For a long time it was considered that the Polovtsy were almost Mongoloids in appearance, and Turks in language. However, in their anthropology, the Polovtsy are typical northern Caucasians. This is confirmed by the statues, where the images of male faces are always with mustaches and even with a beard. The Türkic-speaking of the Polovtsy is not confirmed. The situation with the Polovtsian language is reminiscent of the Scythian - in relation to the Scythians, they accepted the version (not confirmed by anything) that they are Iranian-speaking. Almost no traces of the Polovtsian language, like the Scythian, remained.

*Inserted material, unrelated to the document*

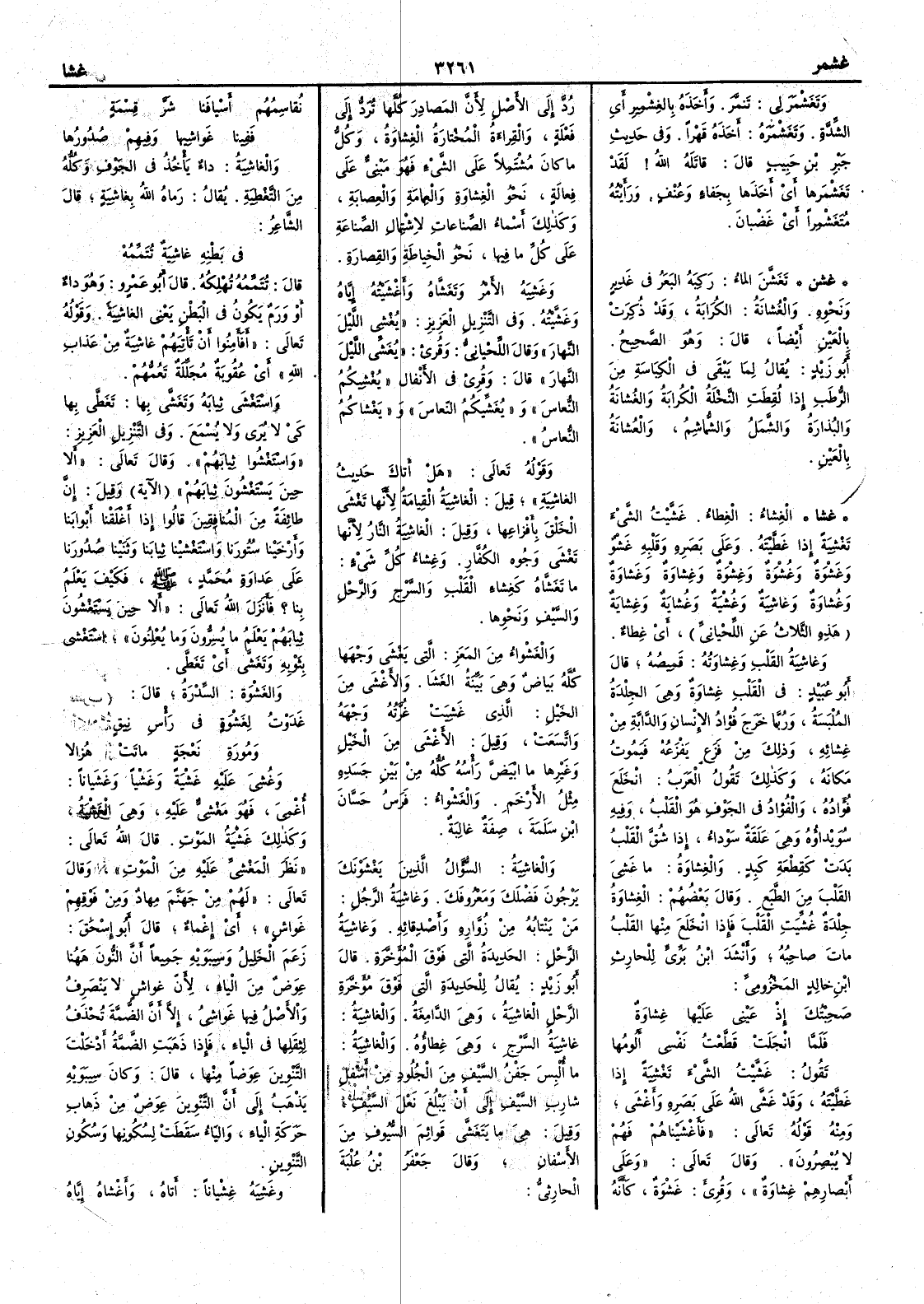 ( غشن ) تَغَشَّنَ الماءُ رَكِبَه البَعَرُ في غَدير ونحوه والغُشانة الكُِرَابة وقد ذكرت بالعين أَيضاً قال وهو الصحيح أَبو زيد يقال لما يبقى في الكِبَاسَة من الرُّطَب إذا لُقِطَتْ النخلة الكُِرَابة والغُشانة والبُذارة والشَّمَلُ والشُّماشِمُ والعُشانة بالعين ( غشا ) الغِشاءُ الغِطاءُ غَشَّيْت الشيءَ تَغْشِية إِذا غَطَّيْته وعلى بَصَره وقَلْبِه غَشْوٌ وغَشْوةٌ وغُشْوة وغِشْوة وغِشاوةٌ وغَشَاوَة وغُشاوةٌ وغاشِيةٌ وغُشْية وغُشاية وغِشايةٌ هذه الثلاث عن اللحياني أَي غِطاءٌ وغاشِية القَلْب وغِشاوتُه قَمِيصُه قال أَبو عبيد في القَلْبِ غِشاوةٌ وهي الجِلْدة المُلْبَسة وربما خرج فؤادُ الإِنسانِ والدابَّة من غِشائه وذلك من فَزَعٍ يَفْزَعه فيموتُ مكانه وكذلك تقول العرب أَنْخَلَعَ فؤادُه والفؤادُ في الجَوْفِ هو القَلْبُ وفيه سُوَيداؤه وهي عَلَقةٌ سَوْداءُ إِذا شُقَّ القَلْبُ بَدَتْ كقِطْعة كَبِدٍ والغِشاوةُ ما غَشِيَ القَلْبَ من الطَّبَع وقال بعضهم الغِشاوةُ جِلْدةٌ غُشِّيَتِ القَلْبَ فإِذا انْخَلَعَ منها القَلْب ماتَ صاحبُه وأَنشد ابن بري للحرث بن خالد المخزومي صَحِبْتُكَ إِذْ عَيْني عليها غِشاوةٌ فلمّا انْجَلَتْ قَطَّعْتُ نَفْسي أَلُومُها تقول غَشَّيْت الشيءَ تَغْشِيةً إِذا غَطَّيْته وقد غَشَّى اللهُ على بَصَرِه وأَغْشى ومنه قوله تعالى فأَغْشَيْناهم فهم لا يُبْصِرُون وقال تعالى وعلى أَبْصارِهِمْ غِشاوةٌ وقرئ غَشْوة كأَنه رُدَّ إِلى الأَصل لأَن المصادر كلها تردّ إِلى فَعْلة والقراءة المختارة الغِشاوة وكل ما كان مشتملاً على الشيء فهو مبنيٌّ على فِعالَةٍ نحو الغِشاوةِ والعِمامة والعِصابة وكذلك أَسماءُ الصِّناعاتِ لاشْتِمالِ الصِّناعةِ على كلِّ ما فيها نحو الخِياطة والقِصارةِ وغَشِيَه الأَمْرُ وتغَشَّاه وأَغْشَيْته إِيَّاه وغَشَّيْته وفي التنزيل العزيز يُغْشِي الليلَ النهارَ وقال اللحياني وقرئ يُغَشِّي الليلَ النهارَ قال وقرئ في الأَنْفال يُغْشِيكُم النُّعاسَ ويُغَشِّكم النعاسَ ويَغْشاكُم النُّعاسُ وقوله تعالى هل أَتاكَ حديث الغاشِيَة قيل الغاشِيَة القيامة لأَنها تَغْشى الخَلْق بأَفْزاعِها وقيل الغاشِية النارُ لأَنَّها تَغْشى وجُوه الكُفَّار وغِشاءُ كلِّ شيءٍ ما تَغَشَّاه كغِشاءِ القَلْب والسَّرْجِ والرَّحْلِ والسَّيْفِ ونحوِها والغَشْواءُ من المَعَزِ التي يَغْشى وجْهَها كلَّه بياضٌ وهي بَيِّنةُ الغَشا والأَغْشى من الخَيْلِ الذي غَشِيَتْ غُرَّتُه وجْهَه واتَّسَعَتْ وقيل الأَغْشى من الخَيْلِ وغيرها ما ابْيَضَّ رأْسُه كلُّه من بَيْنِ جَسدِه مثل الأَرْخَمِ والغَشْواءُ فَرَس حَسَّانَ ابنِ سَلَمة صِفةٌ غالِبة والغاشِيةُ السُّؤَّالُ الذين يَغْشَوْنَكَ يَرْجُون فَضْلَكَ ومَعْرُوفَكَ وغاشِية الرجُلِ مَنْ يَنْتابُه من زُوَّارِه وأَصْدقائه وغاشِيةُ الرَّحْلِ الحَديدة التي فوقَ المؤخرَةِ قال أَبو زيد يقال للحديدة التي فوق مؤخِرَةِ الرَّحْلِ الغاشِية وهي الدامِغة والغاشية غاشية السَّرْج وهي غِطاؤه والغاشِية ما أُلْبِسَ جَفْنُ السَّيْفِ من الجُلودِ من أَسْفلِ شاربِ السَّيفِ إِلى أَن يَبْلُغَ نَعْلَ السَّيْفِ وقيل هي ما يَتَغَشَّى قوائِمَ السُّيوفِ من الأَسْفانِ

The question is also interesting, where did he disappear in such a relatively short period of time? For analysis, there are only a few names of the Polovtsian nobility. However, their names are not Turkic! There are no Turkic analogues, but there is consonance with Scythian names. Bunyak, Konchak sound the same as the Scythian Taksak, Palak, Spartak, etc. Names similar to the Polovtsian are also found in the Sanskrit tradition - Gzak and Gozak are noted in Rajatorongini (Kashmir chronicle in Sanskrit). According to the "classical" (Western European) tradition, everyone who lived in the steppes to the east and south of the Rurik state was called "Turks" and "Tatars".

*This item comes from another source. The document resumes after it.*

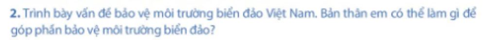 - Vấn đề bảo vệ môi trường biển đảo Việt Nam là:

In anthropological and linguistic terms, the Polovtsy were the same Scythians-Sarmatians as the inhabitants of the Don region, the Sea of ​​\u200b\u200bAzov, on whose lands they came. The formation of the Polovtsian principalities in the southern Russian steppes of the 12th century should be considered as a result of the migration of the Siberian Scythians (Rus, according to Yu.D. Petukhov and a number of other researchers) under the pressure of the Turks to the west, to the lands of the related Volga-Don Yases, and the Pechenegs.

Why did kindred peoples fight each other? It is enough to recall the bloody feudal wars of the Russian princes or look at the current relations between Ukraine and Russia (two Russian states) to understand the answer. The ruling factions fought for power. There was also a religious split - between pagans and Christians, Islam was already penetrating somewhere.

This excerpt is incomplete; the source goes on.